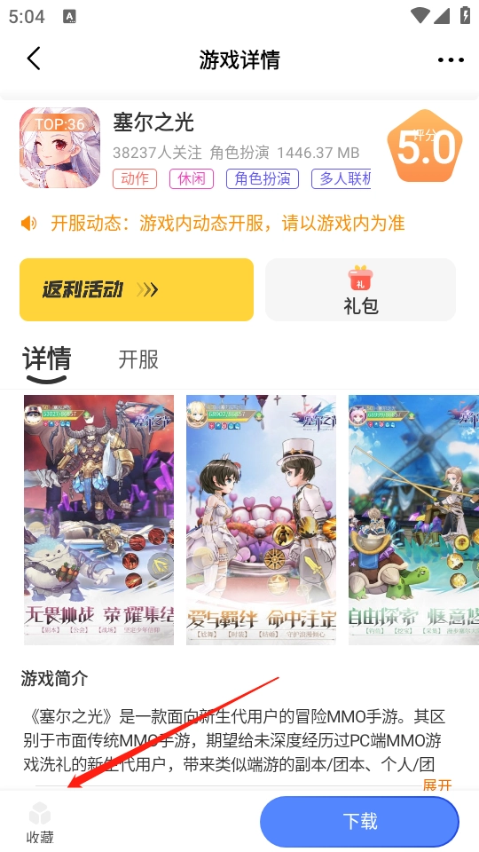 浏览并点击你想玩的游戏资源,就像小编选择的“赛尔之光”那样。
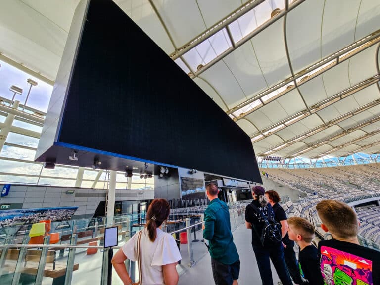 You’ll find yourself standing right underneath one of the stadium’s giant video screens. These are the largest stadium screens in the Southern Hemisphere, each a massive 340 square metres—big enough to build a house on! If you’re feeling peckish, the tour guide might let you in on a local secret: Coop & Co. Chicken on level five is said to have the best Butter Chicken in the stadium.
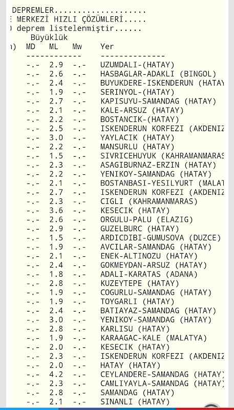 یہ ایپلی کیشن پورے ترکی میں زلزلوں کی پیروی کرنے کے لیے بنائی گئی تھی اور یہ ایک ایسی ایپلی کیشن ہے جو کنڈیلی آبزرویٹری زلزلہ ریسرچ انسٹی ٹیوٹ اور اے ایف اے ڈی کا ڈیٹا استعمال کرتی ہے۔
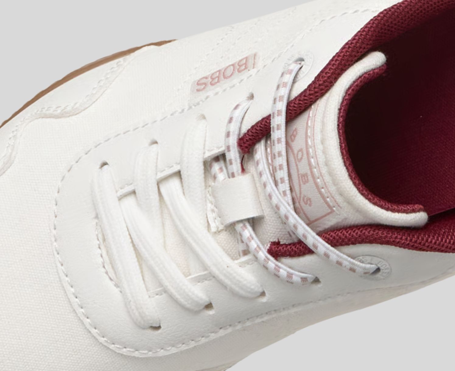 Tied-off decorative laces and an easy slip-on design. Laces never come untied.
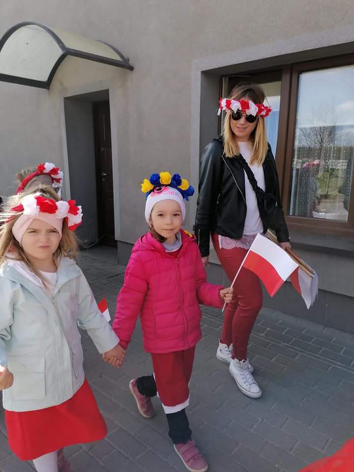 RAJD W BARWACH NARODOWYCH???? Gminna impreza dla uczczenia narodowego święta zgromadziła uczniów ze wszystkich szkół i przedszkoli. Idzie nas około 250 osób. Mali patrioci z naszej szkoły również uczestniczyli w marszu??.
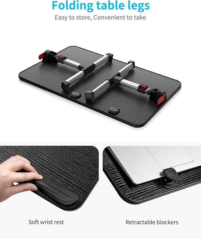 - Ergonomic Design Bed Desk - Soft wrist rest pad provides your wrist a comfortable place. The retractable blocker protects your computer from falling down. 5 adjustable heights(9.4"-12.6") and 4 adjustable angles (0-36°) provide you a more comfortable posture and avoid back & neck pain.
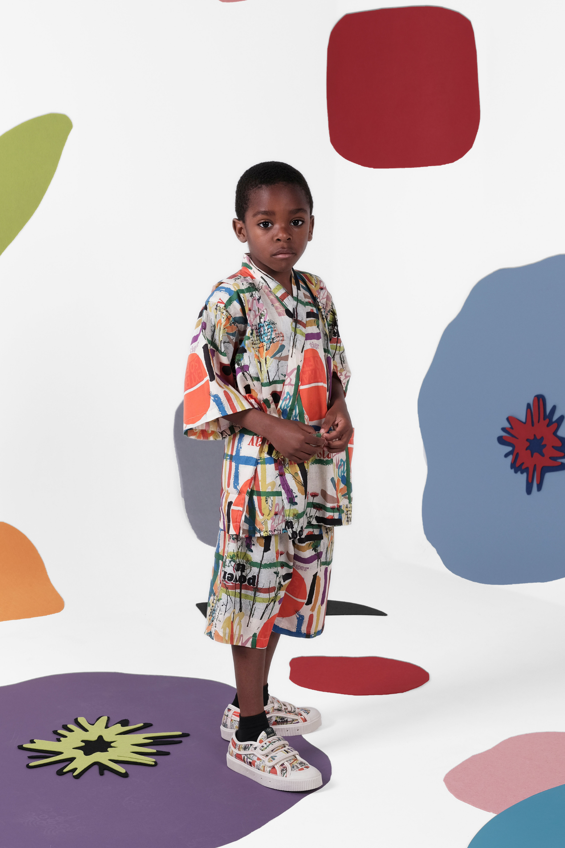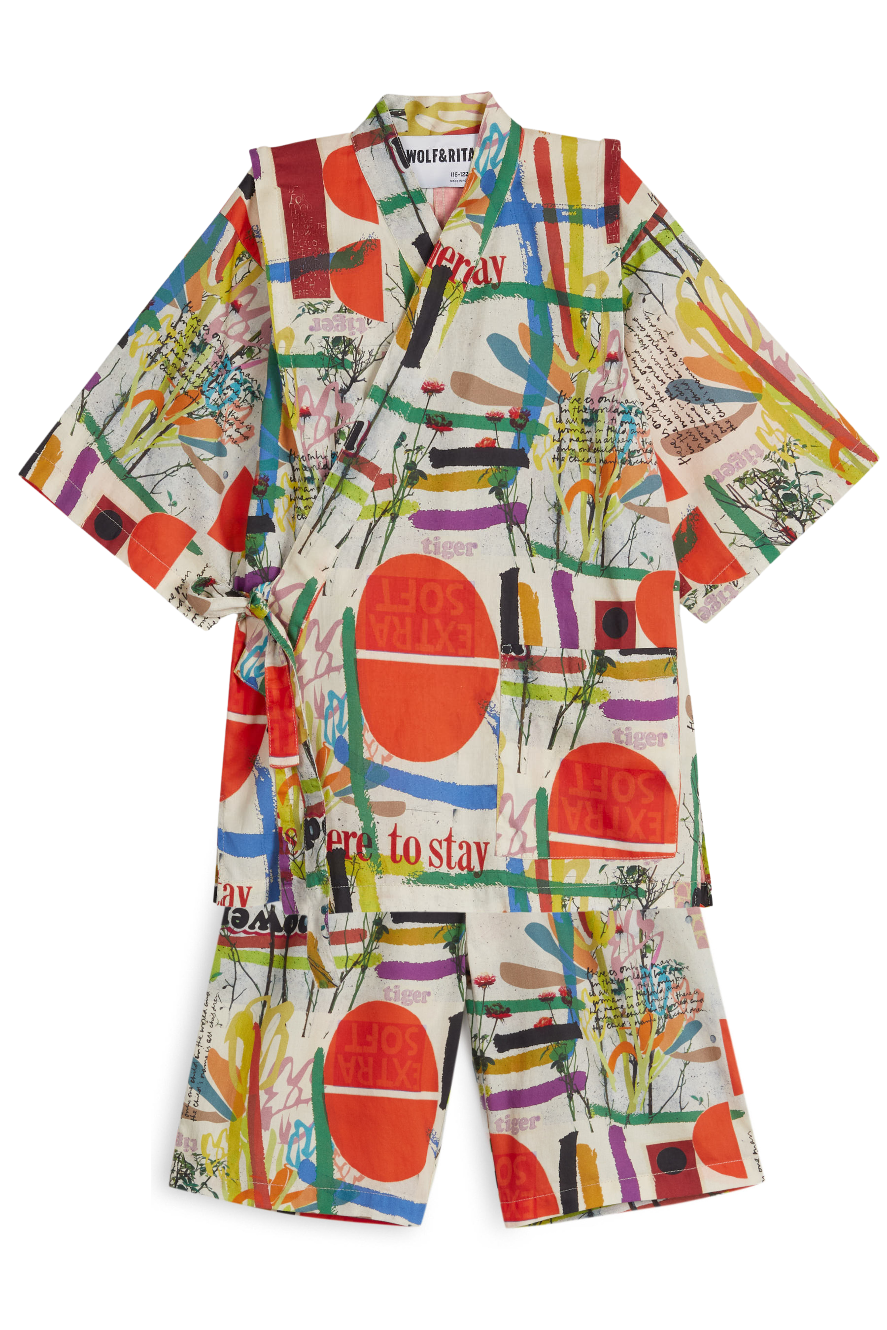 Classic kids Jinbei set, with short sleeved kimono cross over style with ties and shorts with elasticated waist

----------------------------------------

Leaving every picture out, write out exactly the lines from the beginning of the listing above to the line with "RAJD W BARWACH", inclusive.

 浏览并点击你想玩的游戏资源,就像小编选择的“赛尔之光”那样。
 You’ll find yourself standing right underneath one of the stadium’s giant video screens. These are the largest stadium screens in the Southern Hemisphere, each a massive 340 square metres—big enough to build a house on! If you’re feeling peckish, the tour guide might let you in on a local secret: Coop & Co. Chicken on level five is said to have the best Butter Chicken in the stadium.
 یہ ایپلی کیشن پورے ترکی میں زلزلوں کی پیروی کرنے کے لیے بنائی گئی تھی اور یہ ایک ایسی ایپلی کیشن ہے جو کنڈیلی آبزرویٹری زلزلہ ریسرچ انسٹی ٹیوٹ اور اے ایف اے ڈی کا ڈیٹا استعمال کرتی ہے۔
 Tied-off decorative laces and an easy slip-on design. Laces never come untied.
 RAJD W BARWACH NARODOWYCH???? Gminna impreza dla uczczenia narodowego święta zgromadziła uczniów ze wszystkich szkół i przedszkoli. Idzie nas około 250 osób. Mali patrioci z naszej szkoły również uczestniczyli w marszu??.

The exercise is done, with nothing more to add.